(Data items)
-.-.-

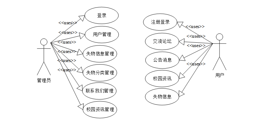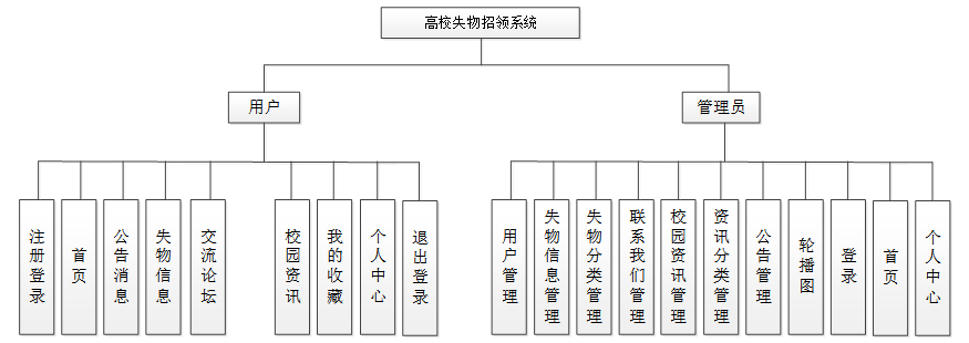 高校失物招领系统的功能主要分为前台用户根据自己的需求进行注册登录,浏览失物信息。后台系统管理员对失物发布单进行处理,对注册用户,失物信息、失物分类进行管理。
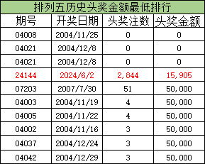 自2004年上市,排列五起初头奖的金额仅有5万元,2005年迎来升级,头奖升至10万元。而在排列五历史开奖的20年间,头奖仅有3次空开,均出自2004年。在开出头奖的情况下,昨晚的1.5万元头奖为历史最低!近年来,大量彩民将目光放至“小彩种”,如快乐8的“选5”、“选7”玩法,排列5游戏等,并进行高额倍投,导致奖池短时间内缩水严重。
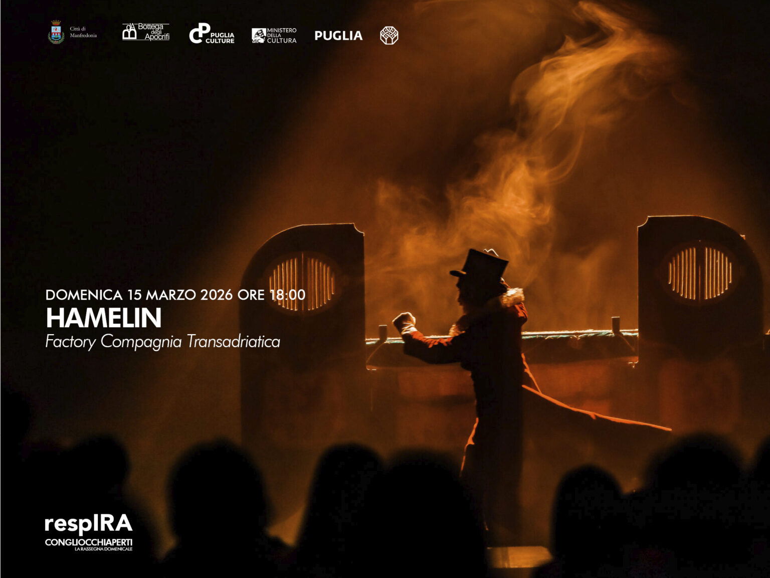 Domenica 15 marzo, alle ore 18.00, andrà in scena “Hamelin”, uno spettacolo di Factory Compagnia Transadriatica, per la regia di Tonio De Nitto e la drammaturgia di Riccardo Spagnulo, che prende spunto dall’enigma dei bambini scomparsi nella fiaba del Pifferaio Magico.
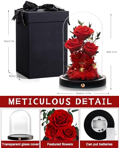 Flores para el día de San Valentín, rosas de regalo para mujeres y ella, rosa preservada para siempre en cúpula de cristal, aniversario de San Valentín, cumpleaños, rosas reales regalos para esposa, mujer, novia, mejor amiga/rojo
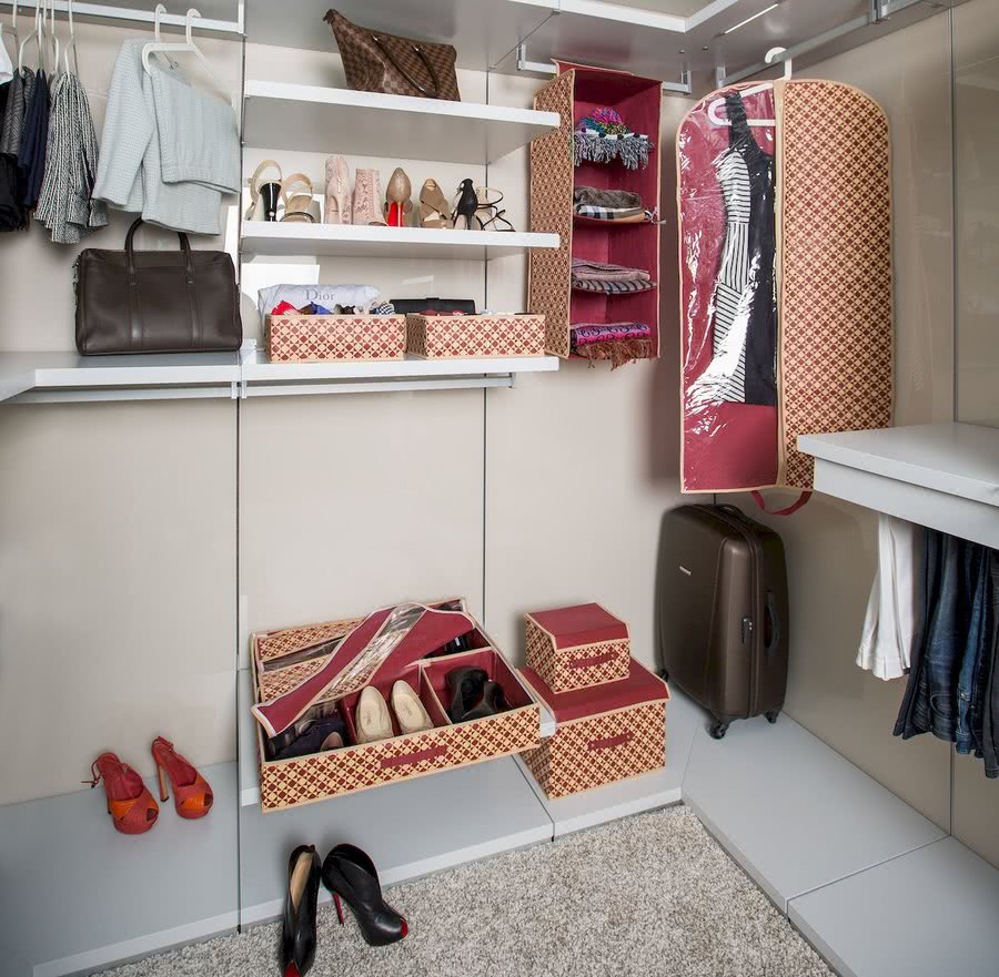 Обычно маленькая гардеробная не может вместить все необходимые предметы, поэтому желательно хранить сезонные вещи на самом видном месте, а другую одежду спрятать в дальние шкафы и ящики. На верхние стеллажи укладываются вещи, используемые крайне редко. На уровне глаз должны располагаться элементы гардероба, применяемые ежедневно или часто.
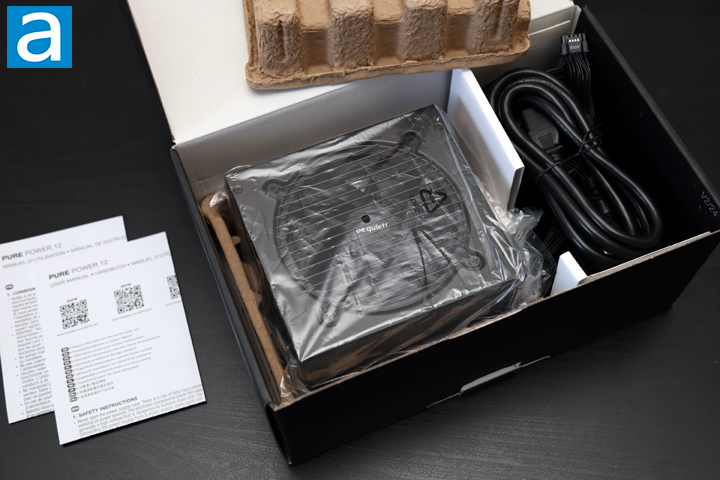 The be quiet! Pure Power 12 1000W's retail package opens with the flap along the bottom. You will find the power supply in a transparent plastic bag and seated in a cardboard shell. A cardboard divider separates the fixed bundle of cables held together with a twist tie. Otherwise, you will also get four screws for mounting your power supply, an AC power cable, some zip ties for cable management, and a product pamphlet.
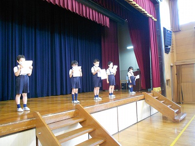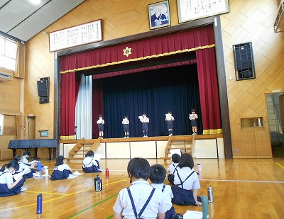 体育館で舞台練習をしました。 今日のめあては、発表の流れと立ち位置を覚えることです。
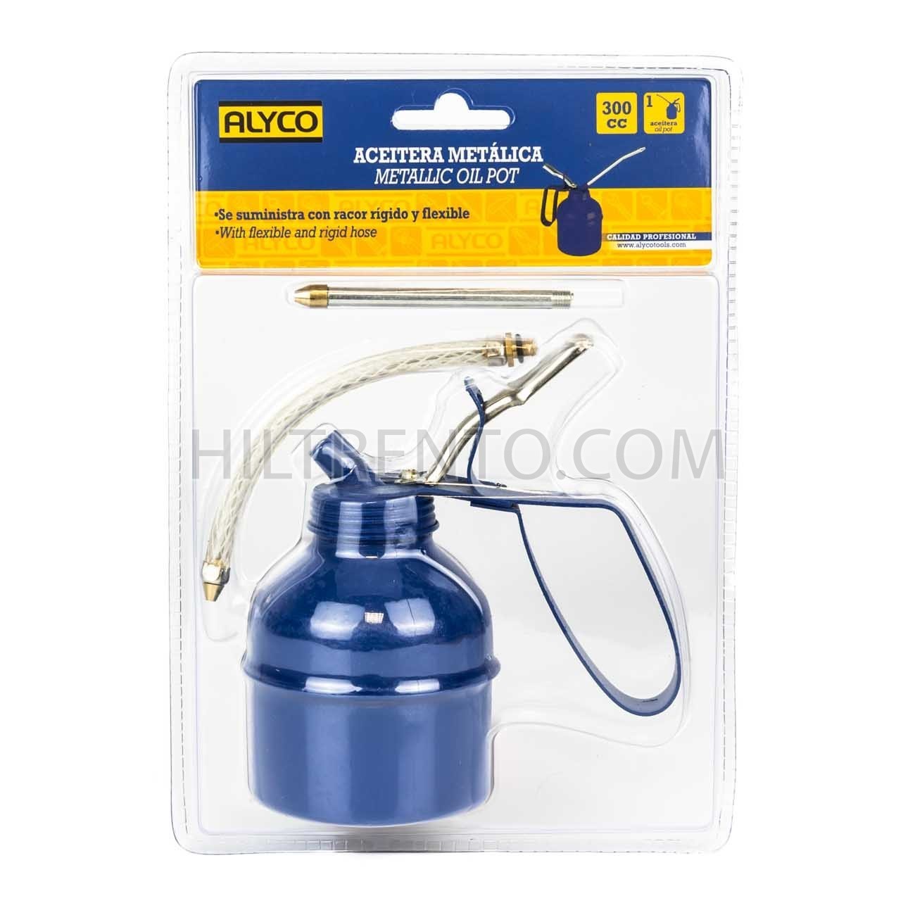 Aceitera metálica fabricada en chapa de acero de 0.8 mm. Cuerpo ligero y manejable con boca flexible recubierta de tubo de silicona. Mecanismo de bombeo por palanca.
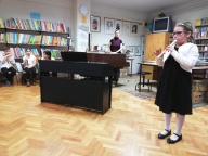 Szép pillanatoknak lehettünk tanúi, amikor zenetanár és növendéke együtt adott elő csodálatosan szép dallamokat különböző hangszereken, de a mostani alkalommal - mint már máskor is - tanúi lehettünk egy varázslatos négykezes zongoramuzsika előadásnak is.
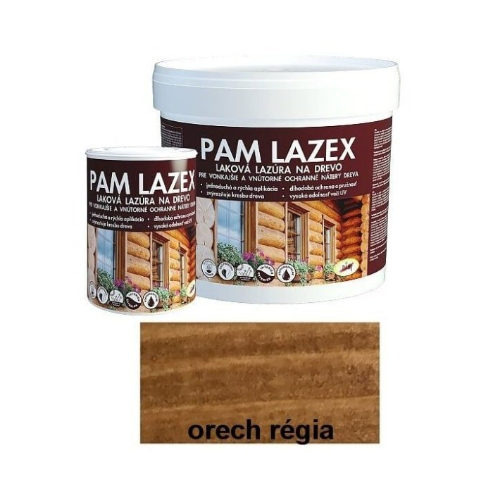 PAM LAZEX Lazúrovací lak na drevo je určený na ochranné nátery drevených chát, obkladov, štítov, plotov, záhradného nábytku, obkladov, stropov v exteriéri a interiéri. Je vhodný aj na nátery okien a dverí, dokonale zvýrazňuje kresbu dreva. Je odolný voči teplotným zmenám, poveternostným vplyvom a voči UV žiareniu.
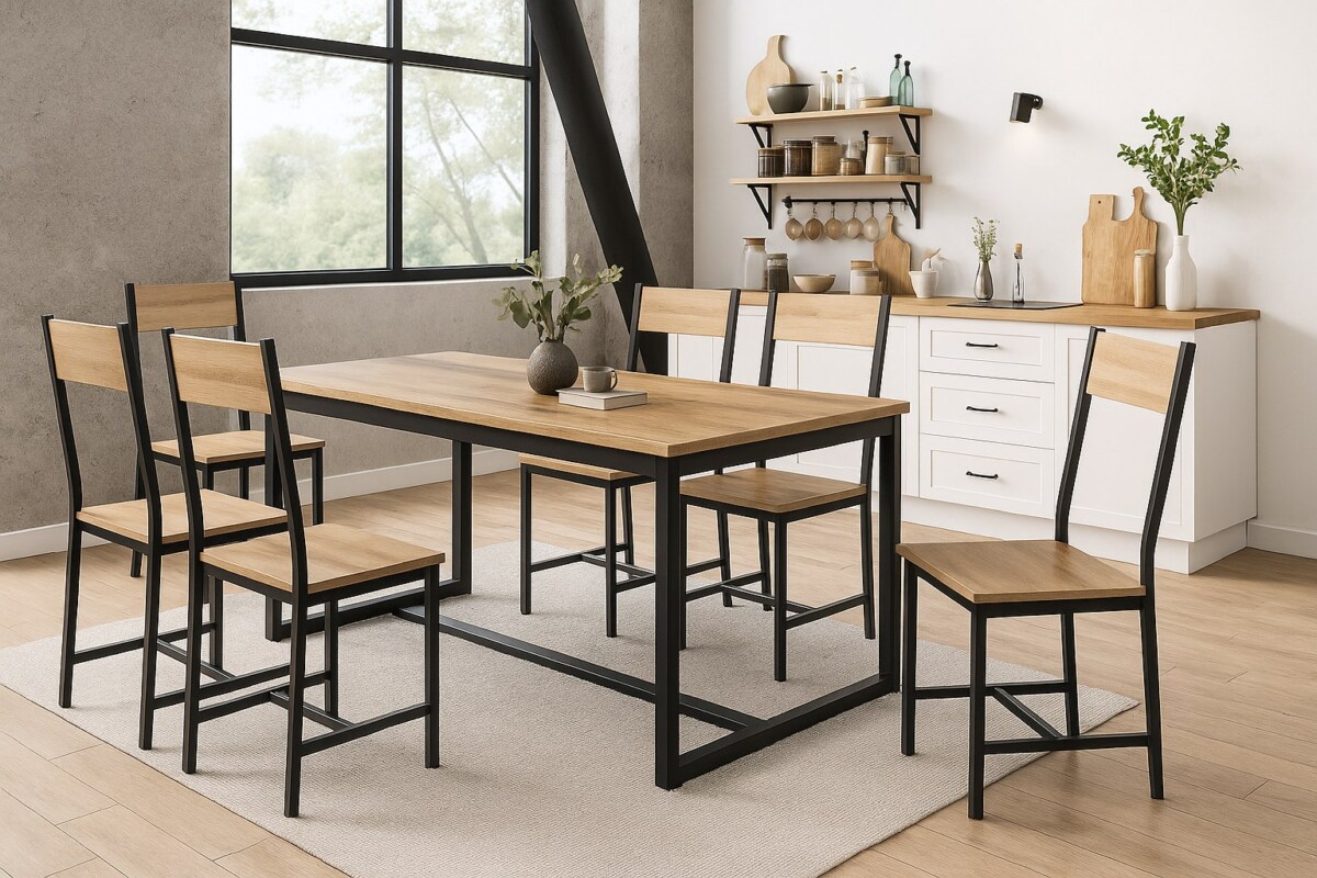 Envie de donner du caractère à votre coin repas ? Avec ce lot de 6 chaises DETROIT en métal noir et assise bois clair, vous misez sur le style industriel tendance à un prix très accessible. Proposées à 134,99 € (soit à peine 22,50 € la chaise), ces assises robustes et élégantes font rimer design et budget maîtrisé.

-.-.-

*Aim of the task*.
What are the lines in the records above, word for word, from the one containing "Aceitera metálica fabricada" through the one containing "Szép pillanatoknak lehettünk", both ends included and pictures left out?

*Exercise output*.
 Aceitera metálica fabricada en chapa de acero de 0.8 mm. Cuerpo ligero y manejable con boca flexible recubierta de tubo de silicona. Mecanismo de bombeo por palanca.
 Szép pillanatoknak lehettünk tanúi, amikor zenetanár és növendéke együtt adott elő csodálatosan szép dallamokat különböző hangszereken, de a mostani alkalommal - mint már máskor is - tanúi lehettünk egy varázslatos négykezes zongoramuzsika előadásnak is.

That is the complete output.